Exercise directions: Where a picture shows up in the listing below, omit it and output the rest exactly.

───── Collected data

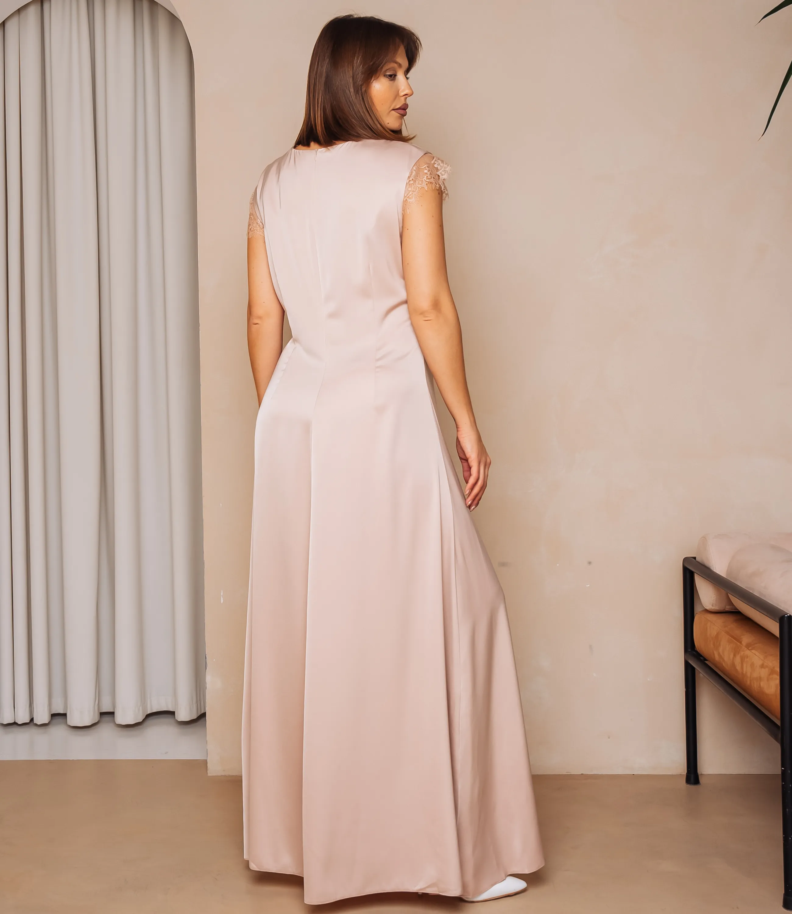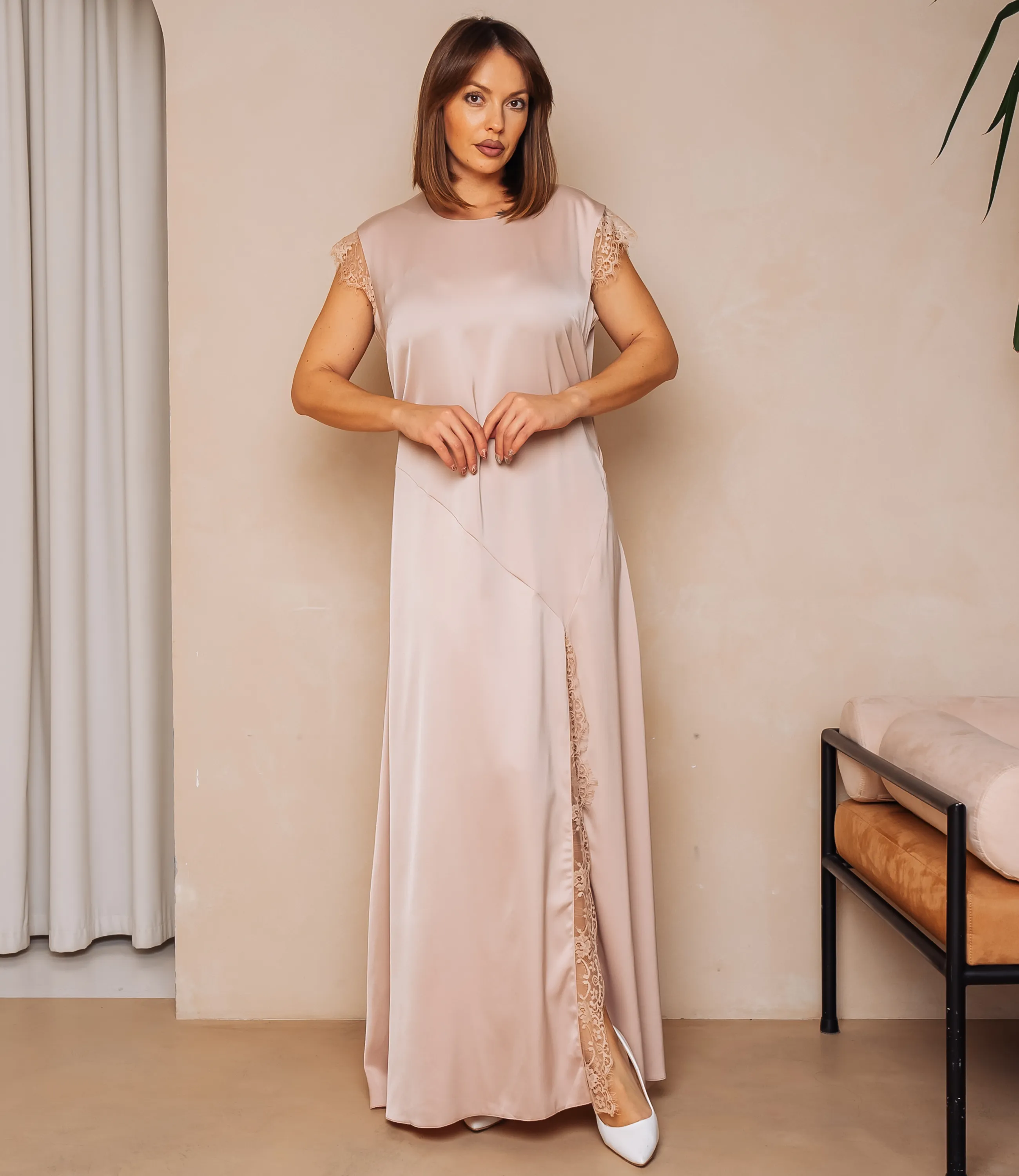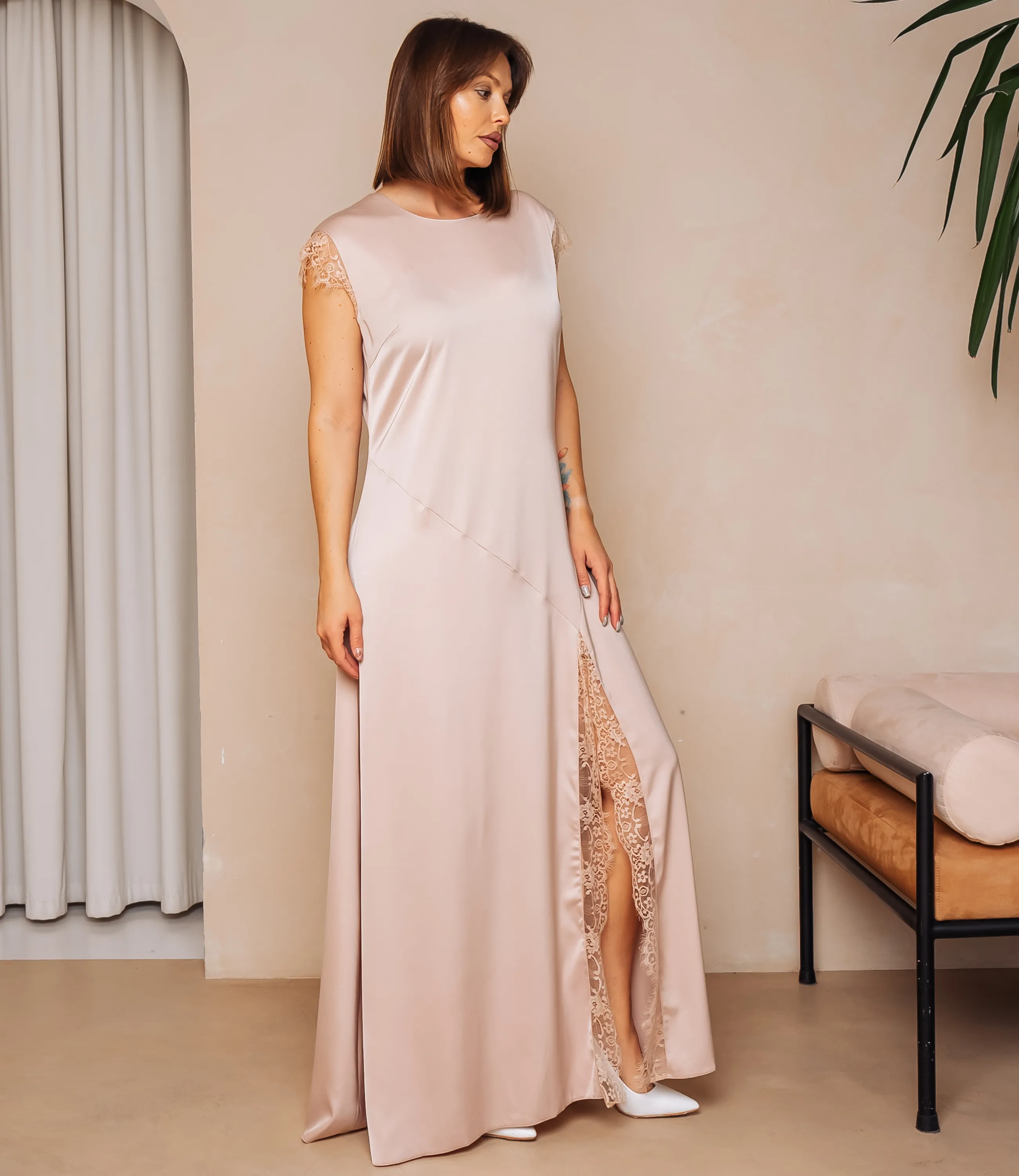 Платье — это часть гардероба, которая подчёркивает женственность каждой женщины. Длинное платье прямого, слегка расширяющегося книзу силуэта из гладкой струящейся ткани с мягким блеском, имеет круглую неглубокую горловину и короткие рукава с тонким кружевным кантом, силуэт облегает верхнюю часть туловища и плавно спадает вниз, с имитацией косой́ вставки по передней ноге, где выполнен высокий разрез, украшенный кружевной аппликацией, открывающей часть бедра; швы аккуратно выполнены, низ изделия ровный. Для пошива использована ткань: 95% полиэстер, 5% спандекс. При соблюдении рекомендаций по уходу изделие сохраняет форму и цвет после многократных стирок, что снижает вероятность возвратов и важно для розничной торговли. Цвет и фактура соответствуют фотографии на сайте, что облегчает демонстрацию товара покупательницам. На странице представлена таблица размеров, с помощью которой вы сможете корректно сформировать ассортимент и подобрать модели для разных групп клиентов. Производитель обеспечивает аккуратную отделку и надёжную фурнитуру; оптовые условия поставки позволяют получить привлекательную маржинальность для магазинов. Рекомендуем включить это платье в ассортимент оптовых закупок — оно станет востребованным предложением для клиенток, ищущих элегантную и универсальную модель.
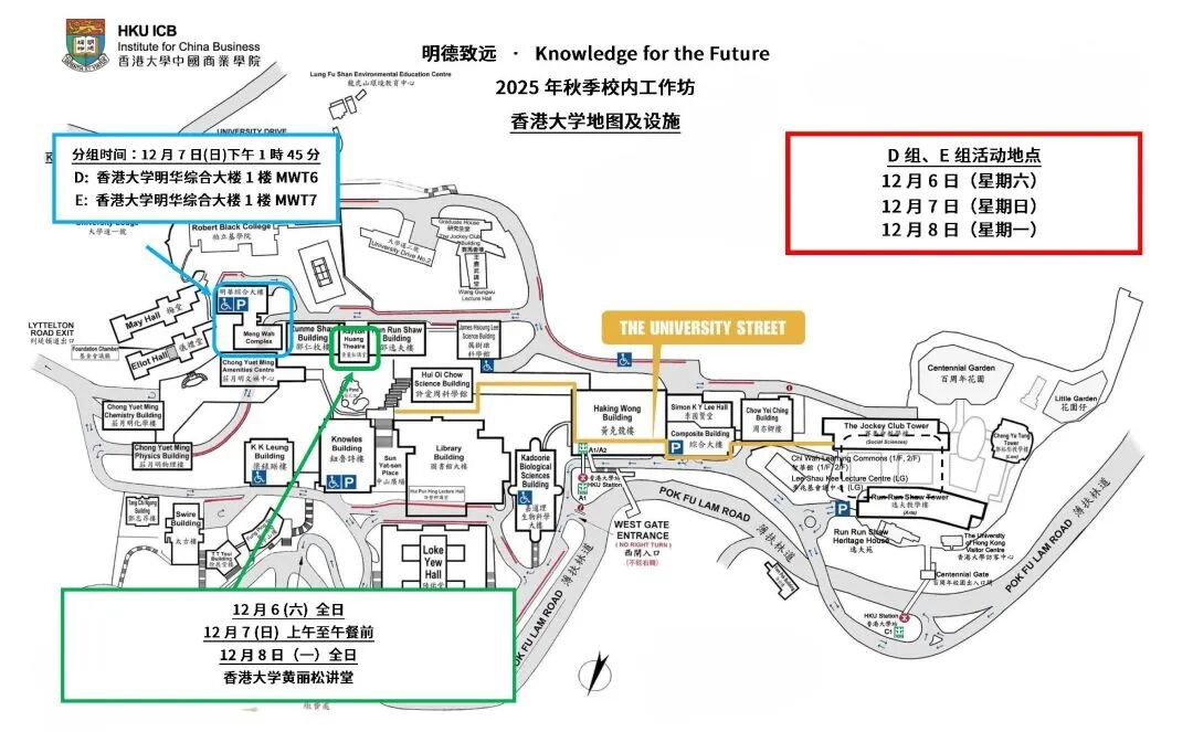 下图为港大校园平面图,点击图片查看大图,建议保存图片,方便查看路线。
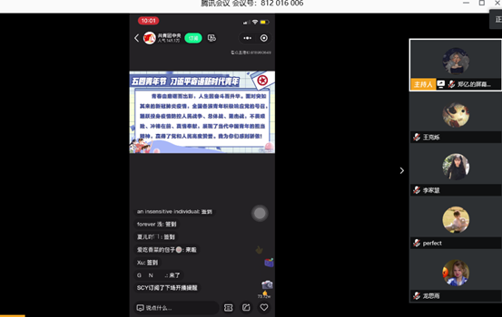 由于疫情原因,此次活动只能于线上进行,但并没有减弱学生对参加此次活动的热情。在进行此次活动中,同学们积极参加,认真聆听,了解了五四运动孕育了伟大的五四精神。当国家有危险的时候,我们作为青年人,不再退缩勇往直前,时刻谨记五四精神,传承有我的信念精神。
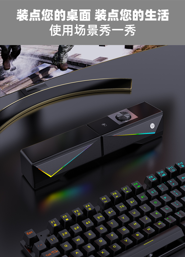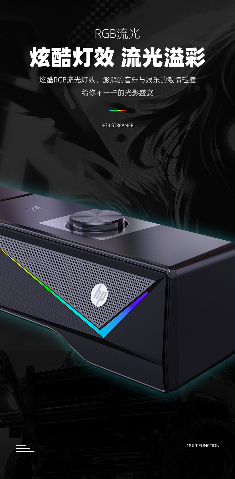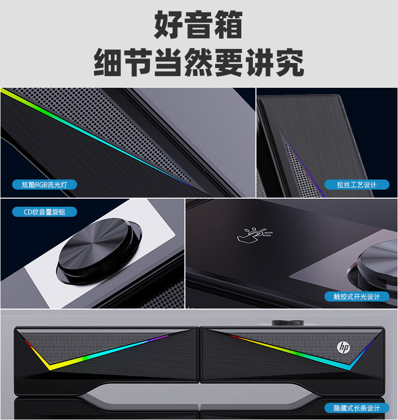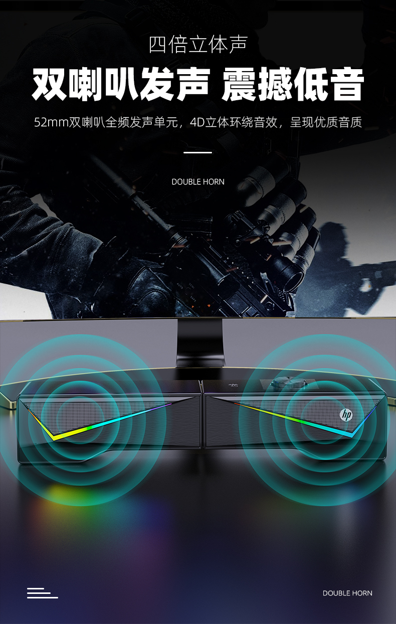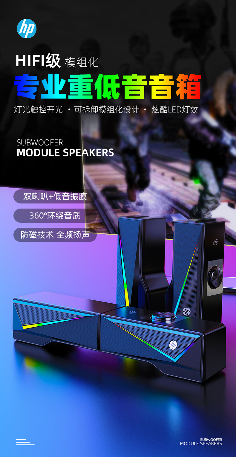 HP computer speaker, home desktop computer, laptop, subwoofer, long bar mini steel cannon, high volume USB multimedia cable DHE-6005

──────────

Response for this exercise:
 Платье — это часть гардероба, которая подчёркивает женственность каждой женщины. Длинное платье прямого, слегка расширяющегося книзу силуэта из гладкой струящейся ткани с мягким блеском, имеет круглую неглубокую горловину и короткие рукава с тонким кружевным кантом, силуэт облегает верхнюю часть туловища и плавно спадает вниз, с имитацией косой́ вставки по передней ноге, где выполнен высокий разрез, украшенный кружевной аппликацией, открывающей часть бедра; швы аккуратно выполнены, низ изделия ровный. Для пошива использована ткань: 95% полиэстер, 5% спандекс. При соблюдении рекомендаций по уходу изделие сохраняет форму и цвет после многократных стирок, что снижает вероятность возвратов и важно для розничной торговли. Цвет и фактура соответствуют фотографии на сайте, что облегчает демонстрацию товара покупательницам. На странице представлена таблица размеров, с помощью которой вы сможете корректно сформировать ассортимент и подобрать модели для разных групп клиентов. Производитель обеспечивает аккуратную отделку и надёжную фурнитуру; оптовые условия поставки позволяют получить привлекательную маржинальность для магазинов. Рекомендуем включить это платье в ассортимент оптовых закупок — оно станет востребованным предложением для клиенток, ищущих элегантную и универсальную модель.
 下图为港大校园平面图,点击图片查看大图,建议保存图片,方便查看路线。
 由于疫情原因,此次活动只能于线上进行,但并没有减弱学生对参加此次活动的热情。在进行此次活动中,同学们积极参加,认真聆听,了解了五四运动孕育了伟大的五四精神。当国家有危险的时候,我们作为青年人,不再退缩勇往直前,时刻谨记五四精神,传承有我的信念精神。
 HP computer speaker, home desktop computer, laptop, subwoofer, long bar mini steel cannon, high volume USB multimedia cable DHE-6005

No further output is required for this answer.